The Ombudsman’s role and powers

If we are satisfied with an organisation’s actions or proposed actions, we can complete our investigation and issue a decision statement. (Local Government Act 1974, section 30(1B) and 34H(i), as amended) We investigate complaints about ‘maladministration’ and ‘service failure’. In this statement, I have used the word fault to refer to these. We must also consider whether any fault has had an adverse impact on the person making the complaint. I refer to this as ‘injustice’. If there has been fault which has caused an injustice, we may suggest a remedy. (Local Government Act 1974, sections 26(1) and 26A(1), as amended) When considering complaints, if there is a conflict of evidence, we make findings based on the balance of probabilities. This means we will weigh up the available relevant evidence and base our findings on what we think was more likely to have happened.

The law says we cannot normally investigate a complaint when someone can appeal to a tribunal. However, we may decide to investigate if we consider it would be unreasonable to expect the person to appeal. (Local Government Act 1974, section 26(6)(a), as amended) An admission appeal panel is a statutory tribunal but, it is also within our jurisdiction. (Local Government Act 1974, section 25). When considering a complaint after an appeal has been rejected, there may be parts which relate to what happened at the appeal and parts which relate to the original admission process (for example, something about the way a decision was taken by the admissions authority which the appeal panel did not consider). Governing bodies which act as admissions authorities are within jurisdiction, as are appeal panels considering appeals against decisions of governing bodies.
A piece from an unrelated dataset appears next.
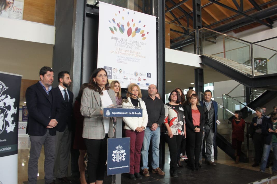La concejal de Educación, Begoña Cuartero, ha inaugurado esta mañana la II Semana Europea de la Formación Profesional en el auditorio de La Lonja, que lleva por título “Orihuela, invirtiendo en talento para la empleabilidad” y que tiene el objetivo de poner en valor la oferta existente de Formación Profesional en los centros del municipio.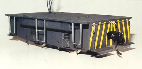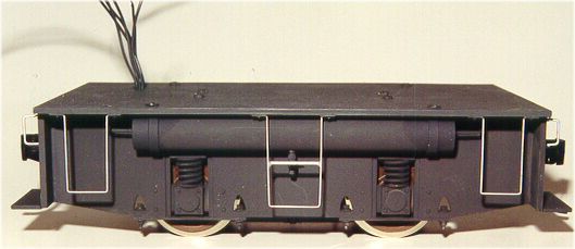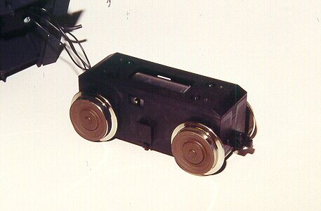 This photo shows the USA power truck. The only modification I made to it was to cut off the axle stubs, remove thetrack pickup sliders and drill and tap four holes in the top cover to mount the frame.

The School Admissions Appeals Code (February 2012) Under the Code, the admission authority must supply the clerk to the appeal panel with all relevant documents needed to conduct the hearing in a fair and transparent manner. This includes details of how the admission arrangements and co-ordinated admission scheme apply to the appellant’s application, the reasons for the decision to refuse admission, and an explanation as to how the admission of an additional child would cause prejudice to the provision of efficient education or efficient use of resources. (paragraph 2.9) Appeal panels must allow appellants the chance to appear in person and make oral representations. They may be represented, or accompanied, by a friend. (paragraph 2.12) One party must not be left alone with the panel in the absence of the other. Where one party is unable to, or has failed to attend, the clerk must remain with the panel and remaining party at all times. (paragraph 2.15) Appeal panels must follow the 2-stage decision making process for this type of appeal. (paragraph 3.1) First stage: the panel must consider: Whether the admission arrangements complied with the law; and Whether the admission arrangements were correctly and impartially applied in each case. (paragraph 3.2) The panel must then decide whether the admission of further children would prejudice the provision of efficient education or the efficient use of resources. (paragraph 3.3) A panel must uphold the appeal at first stage where it finds the admission arrangements did not comply with admission law, or were not correctly and impartially applied, and the child would have been offered a place or; the admission of additional children would not prejudice the provision of efficient education or efficient use of resources. (paragraph 3.5) A panel must go to the second stage where: it finds the admission arrangements complied with the law, were correctly and impartially applied, or where they were not, the child would not have been offered a place anyway and admitting further children would prejudice the provision of efficient education or efficient use of resources.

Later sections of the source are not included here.